In hindsight, with all we know now about Jim Gavin and the guiding influence of military doctrine on the type of football manager he would become, it's an easy scene to picture.
Gavin, the freshly crew-cut cadet in 1990. Eight weeks into his schooling in McDonagh Barracks in the Curragh.
Sheepish from the severity of that initial training.
Into the room walks Dermot Earley.
"We weren't like frightened puppies but when the senior officer comes into the room, you stand and you salute," he recalled of his first encounter with the legendary Roscommon footballer, who went on to become Chief of Staff, before a third level match between the cadets and Mary Immaculate College.
"He went around, shook our hands and asked us where we were from. Then he talked a bit about tactics.
"But," Gavin recalls with sparkling clarity, the experience having had a sincere effect on him, "he didn't talk about winning.
"What he said was, 'the greatest reward you'll ever get from anything in life is the satisfaction of doing something well and to the best of your ability'.
"And that is pretty much the philosophy that we used in my time with Dublin."
That was one of the many, varied stories told by Gavin on Wednesday night in an online conversation with fellow Clondalkin-er, Jim Kelly, a childhood friend and now Director of Coaching with Lansdowne Yonkers FC in New York.
Over ninety minutes of informal chat, Gavin darted up and down the spectrum of influences on his own coaching principles, many illustrative of how profoundly the military - and later, aviation safety - shaped his method of building and maintaining the most successful Gaelic football team in 40 years.
But there were others.
Events and people Gavin either avoided speaking about during his seven seasons as Dublin manager or just never cropped up in conversation.
He recalled vividly a family holiday to Florida to visit a relative in 1983.
There, he developed an initial interest in American Football, a sport from which he derived extensive coaching theory through deep study later in life.
Now, he can casually analyse the methods of some of America's most revered coaching figures; Bill Walsh, Joe Gibbs, Bill Parcells, John Wooden and topically enough, Phil Jackson.
One particular match, Super Bowl XXIII, he recalled "resonated with me very much."
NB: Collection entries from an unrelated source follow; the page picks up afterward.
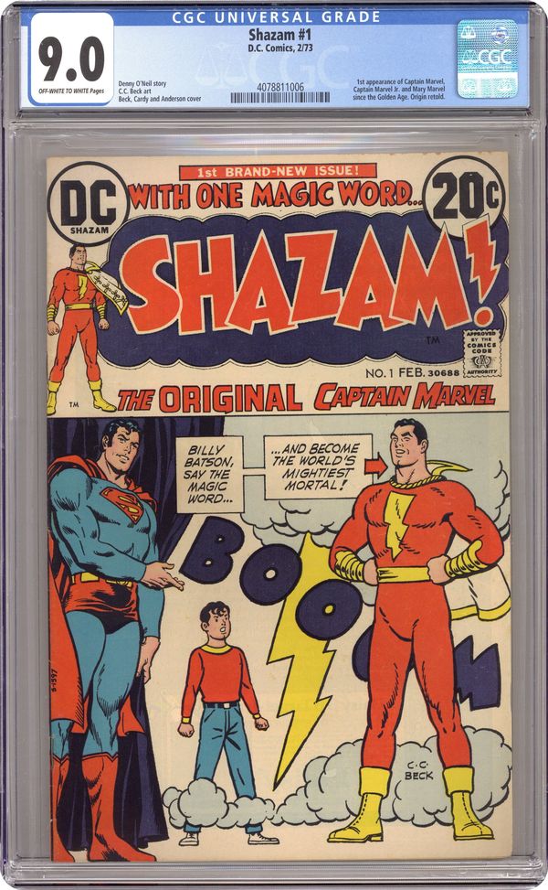 Ended Apr 2 2024 Winning Bid $74 Cover by C. C. Beck, Nick Cardy, and Murphy Anderson. ...In the Beginning ..., script by Denny O'Neil, art by C. C. Beck; After missing for 20 years, Captain Marvel returns to Earth; Origin retold. The World's Wickedest Plan, script by Denny O'Neil, art by C. C. Beck; Captain Marvel escapes the trap that Dr. Sivana had created that caused the Marvel Family to be placed in suspended animation for the last 20 years. Reprint back-up: "The Endless String" (from Captain Marvel Adventures 55 in 1946), written by Otto Binder, art by Pete Costanza. One-page text feature by E. Nelson Bridwell--a history of Captain Marvel. 36 pgs., full color. $0.20. Cover price $0.20. Grade: CGC 9.0 explanation of grade Condition: Used (collectible)
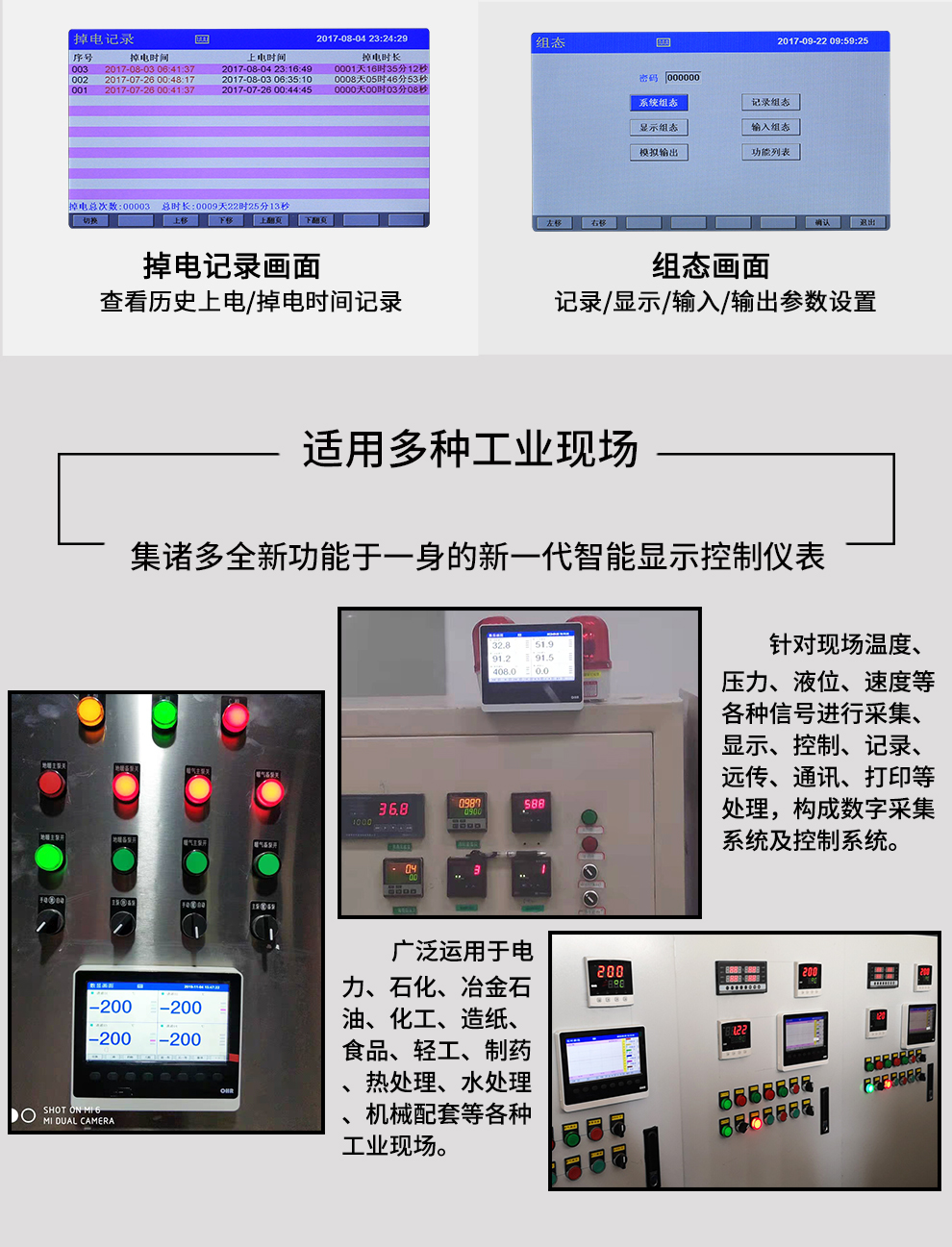 OHR-F800系列彩色無(wú)紙記錄儀采用新型大規(guī)模集成電路,對(duì)輸入、輸出、電源、信號(hào)采取可靠保護(hù)和強(qiáng)抗干擾設(shè)計(jì)。機(jī)身短節(jié)約空間,深度僅為76mm。12路萬(wàn)能信號(hào)輸入,可帶12路報(bào)警輸出,6個(gè)變送輸出,RS485通訊接口,以太網(wǎng)接口,微型打印機(jī)接口和USB接口,SD卡插座。
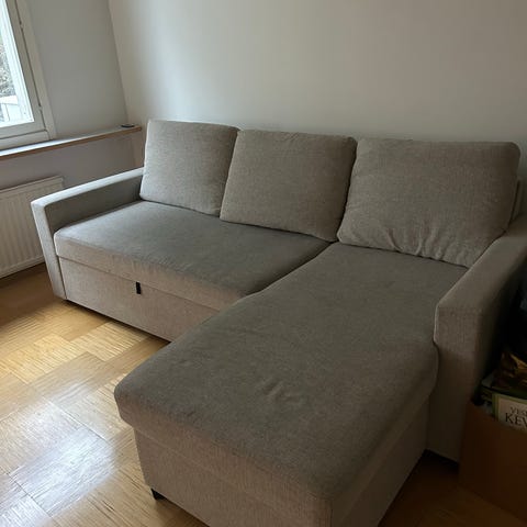 Sohvan selkänoja avautuu ja muuttuu sängyksi.
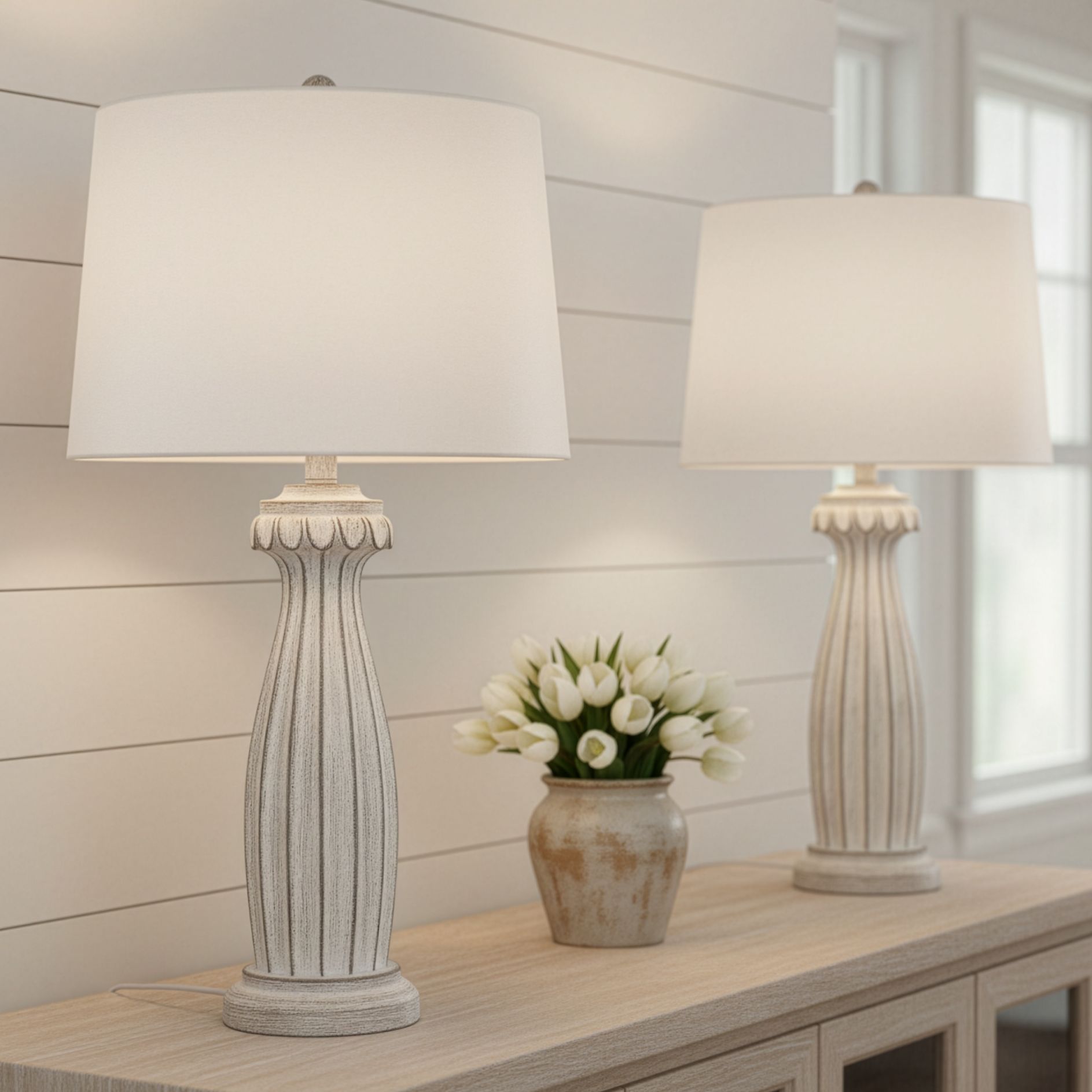 Rhodes 28 1/2" High Distressed White Traditional Table Lamp Set of 2
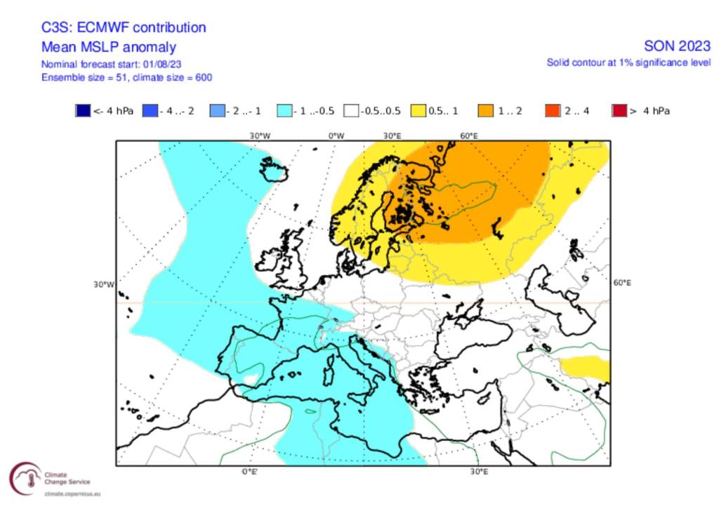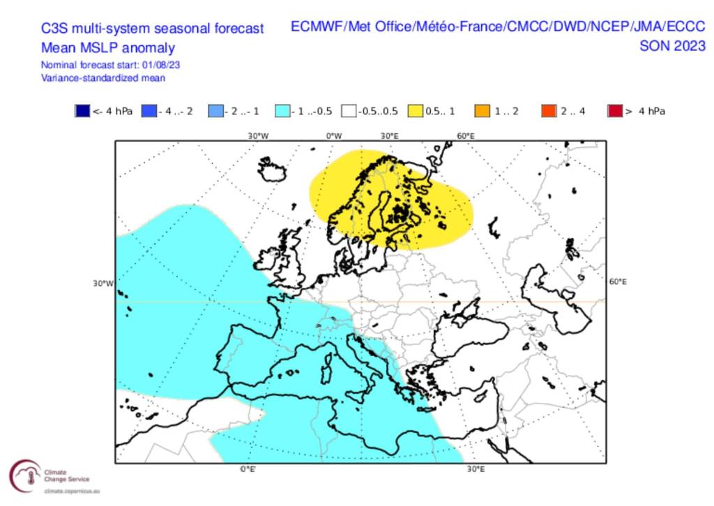 Προγνωστικοί χάρτες του ECMWF και του C3Smulti-modelsystem με τις αποκλίσεις της ατμοσφαιρικής (βαρομετρικής) πίεσης στην επιφάνεια (MSLP) για το Φθινόπωρο του 2023 (3-monthaverage), με αρχικές τιμές της 01/08/2023

That game is best remembered for the San Franciso 49ers relentless late comeback win over the Cincinnati Bengals.
Down 16 to 13, the 49ers had the ball on their own eight-yard line with just 3.10 on the clock and proceeded to march 92 yards down the field in 11 plays.
They scored the winning touchdown from a Joe Montana pass to John Taylor with just 34 seconds left in the game.
It is considered a classic in the genre of 'sticking to the process' sporting lessons.
It also crystalised Montana's 'Cool Joe' persona, unflappable and unyielding despite the gravity of the situation and enormity of the occasion.
All of which sounds vaguely familiar.
Gavin spoke admirably too about former Chicago Bulls and LA Lakers coach Jackson and his handling of Dennis Rodman.
About how Jackson "gave him space to go off and release pressure," during a season in a bid to coax his eccentric defensive specialist back in to form.
Asked about his own man-management experiences, Gavin explained: "every player, you want them to express themselves as individuals. Every player, the way I look at them, as a coach, all your players - they all have different locks.
"One key will not fit every player. If you think there's a master key…forget it.
"Each player needs to be treated as an individual.
"If you want to get the best out of your player, you have to empower them.
"You can only do that from them gaining your trust."
What became sharply clear during the chat was the extent to which Gavin the coach is a collaboration of disparate philosophies.
And how the formative experiences of his professional and sporting life effectively became the chapters of his coaching manual.
The oscillating fortunes of his own playing career. The strict and necessary discipline of military life. The grave importance of detail in aviation safety.
And books. Lots and lots of books.
Gavin described himself as "a practitioner."
"I don't have any degree in sports psychology or fitness," he stresses, yet he also cited big theories such Dale's Cone of Experience, Maslow's Hierarchy of needs, Fundamental Attribution Errors and the End-of History Illusion as touchstones of his own ideology.
Asked for a highlight of his time as manager, Gavin pulled a more obscure moment than most might expect.
"The National League final in 2013 was my first bit of tin (as Dublin manager)," he recalled.
"We played Tyrone in that final. Dean Rock got a couple of scores late in the game off the bench.
"That probably solidified some of the concepts that we were trying to teach. That 21-man game."
Then, in a quintessential Gavin pivot, he explained: "I'm reading a book on Napolean. Your strength in depth is a key component of (success).
"That fella Napolean won most of his battles - and I'd be a huge student of military battles - by using his strength in depth. His reserve.
"I'm not saying the players who start the game are like the clown in a bull fight before the matadors come in," Gavin went on, "but in some ways they are.
"Kevin McManamon would have been a great bull fighter, would have made a great matador. He's phenomenally mentally strong, a superb man.
"He's just a great guy. But phenomenally mentally strong. He'd push himself. That mental strength, we could use it to the team's advantage.
"He could deliver a performance, no matter what the circumstances."